Whether you know it or not, members of your church are ministering to Christians who struggle with homosexuality. Like the struggle itself, their ministry to those who suffer may be hidden, but it goes on, fueled by love. They are parents, grandparents, brothers and sisters, cousins, and friends of your church members – men and women — who are drowning in the residue of the sin of unwanted homosexuality.

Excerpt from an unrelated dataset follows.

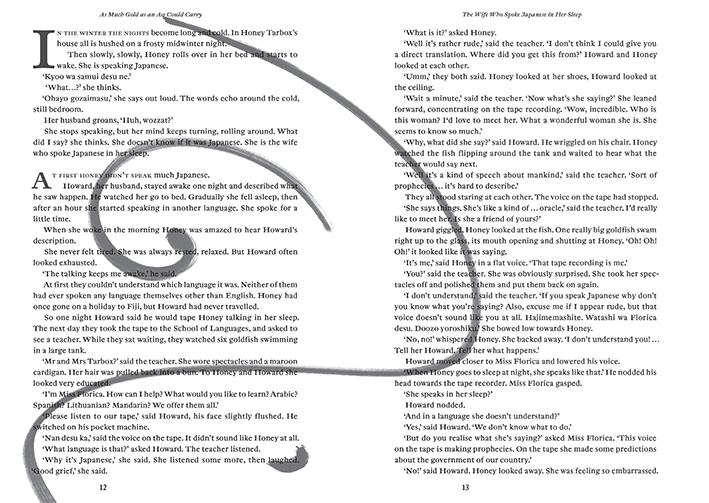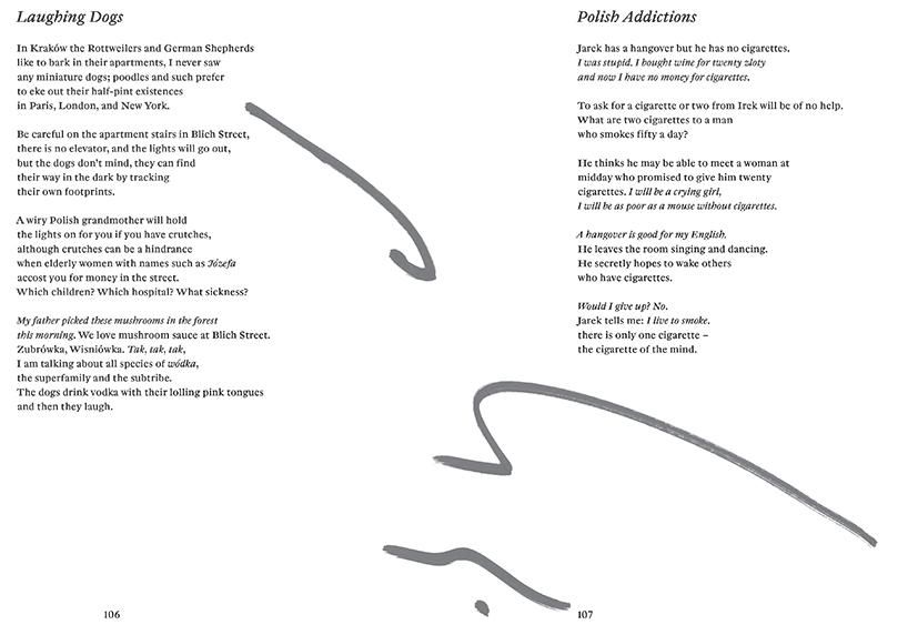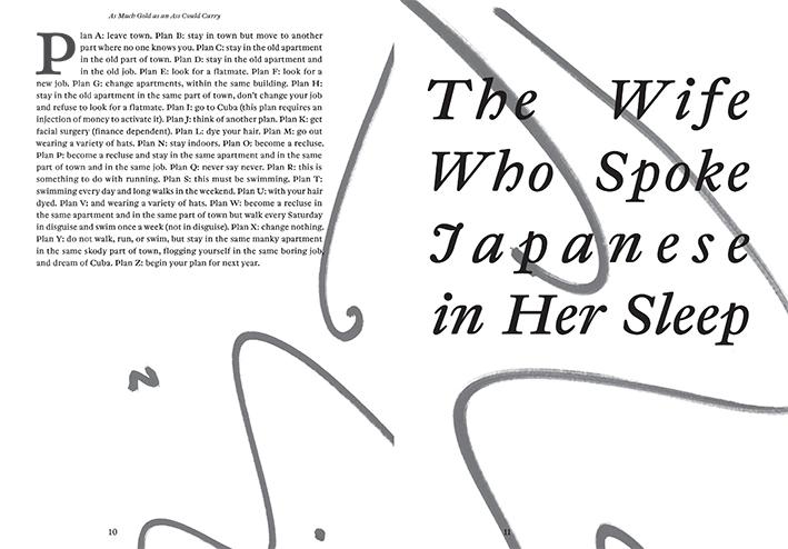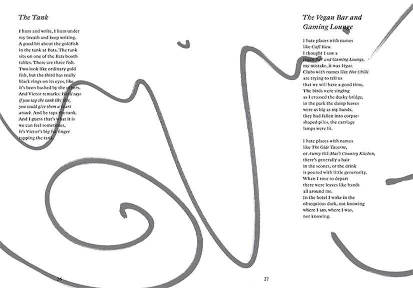 When I first heard about this book, I was intrigued not only by Plumb’s work, but the nature of the collaboration with Otto, which was ‘initiated by split/fountain as part of their ongoing engagement with publishing as a performative act’. Based in Auckland, Otto produces minimal black-and-white line drawings that have an improvised, cartoonish quality. For As Much Gold as an Ass Could Carry, these are further reduced to abstracted swishes, squiggles and strokes that look as if they’ve been done with a fat marker pen. Resembling deconstructed signatures, they glide across the cover and pages, over and between Plumb’s words—playful gestures that draw attention to the construction and contrivance of each page of text. These forms are subtly mimicked by an italic serif typeface, which features on the bright yellow dust jacket and titles throughout the book.

Those who walk with homosexuals share the solitude and isolation that afflicts Christians who struggle with unwanted same-sex attraction. Secrecy fuels this sin in the shadow of the church, the very place where the light of cleansing is harbored. Our fears and limitations quench the power of the Holy Spirit to remove the deception and division and put the family back together. And the truth is, there is no reason to fear; no reason to limit God’s love to these sinners any more than to all the others who worship in our midst. There are plenty of resources, but “the greatest of these is love.”
Make it Clear
Jeff Buchanan, senior director of church equipping for Exodus International, says churches need to know and hold a biblical worldview on homosexuality and present it to their members, particularly in light of recent confusing messages from some denominations, including the Evangelical Lutheran Church in America.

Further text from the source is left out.